Optimizing Information-theoretical Generalization Bounds via Anisotropic Noise in SGLD

TL;DR

This paper improves generalization bounds for SGLD by optimizing the anisotropic noise structure, showing that the optimal noise covariance aligns with the empirical gradient covariance, validated through theoretical and empirical analysis.

Contribution

It introduces a new information-theoretical bound and derives the optimal noise covariance structure for SGLD, enhancing generalization performance.

Findings

Optimal noise covariance is close to the empirical gradient covariance.

The new bound enables better analysis of noise structure in SGLD.

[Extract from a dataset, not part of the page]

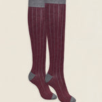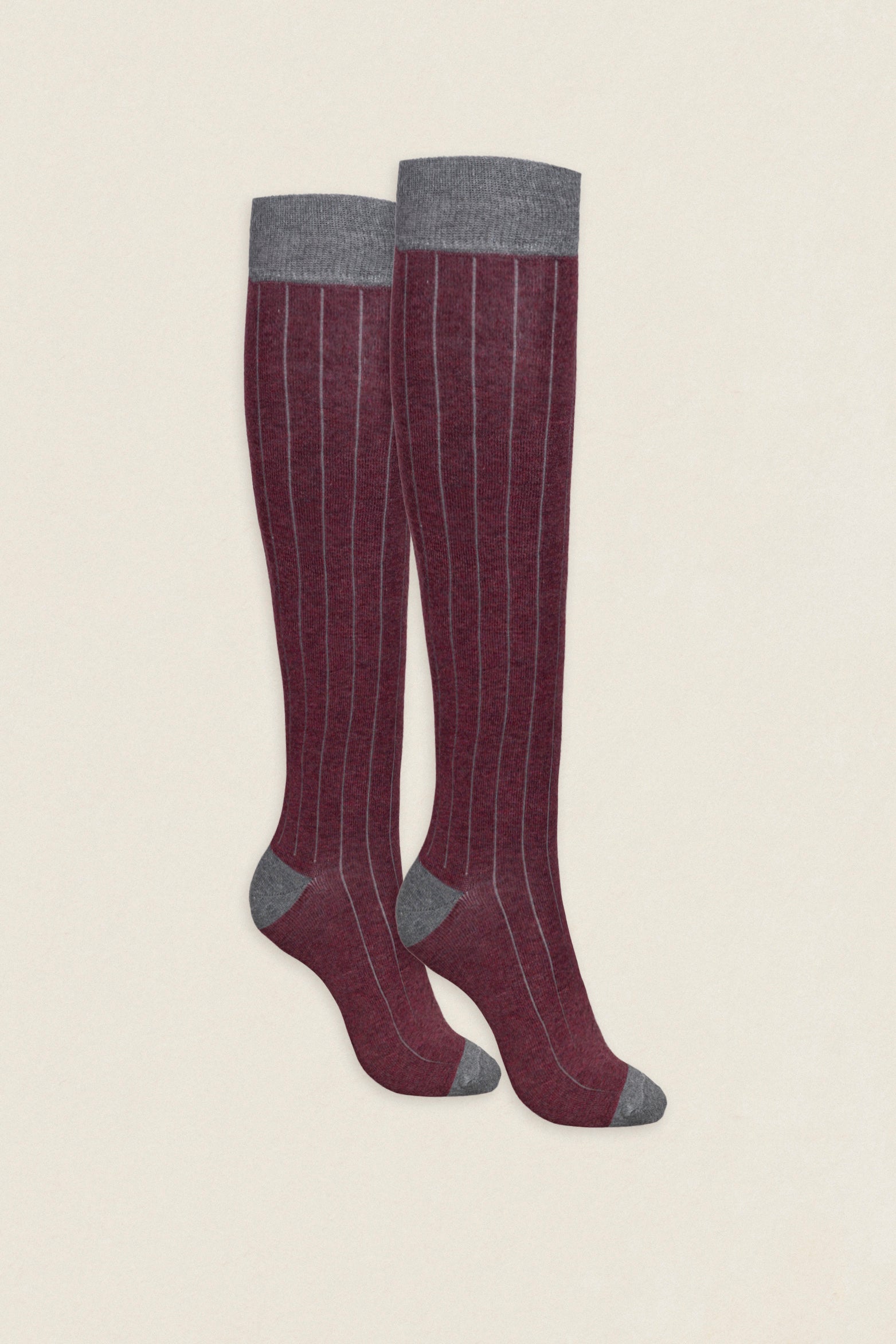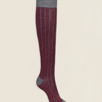 Calcetín de algodón peinado de caña alta bicolor. La abertura del canalé, la puntera, el talón y la faja son del mismo color. Compuestos por un 83% de algodón son muy cómodos, se adaptan a tu pierna y no se caen ni hacen arrugas.

Empirical results validate the theoretical optimal noise structure.

Abstract

Recently, the information-theoretical framework has been proven to be able to obtain non-vacuous generalization bounds for large models trained by Stochastic Gradient Langevin Dynamics (SGLD) with isotropic noise. In this paper, we optimize the information-theoretical generalization bound by manipulating the noise structure in SGLD. We prove that with constraint to guarantee low empirical risk, the optimal noise covariance is the square root of the expected gradient covariance if both the prior and the posterior are jointly optimized. This validates that the optimal noise is quite close to the empirical gradient covariance. Technically, we develop a new information-theoretical bound that enables such an optimization analysis. We then apply matrix analysis to derive the form of optimal noise covariance. Presented constraint and results are validated by the empirical observations.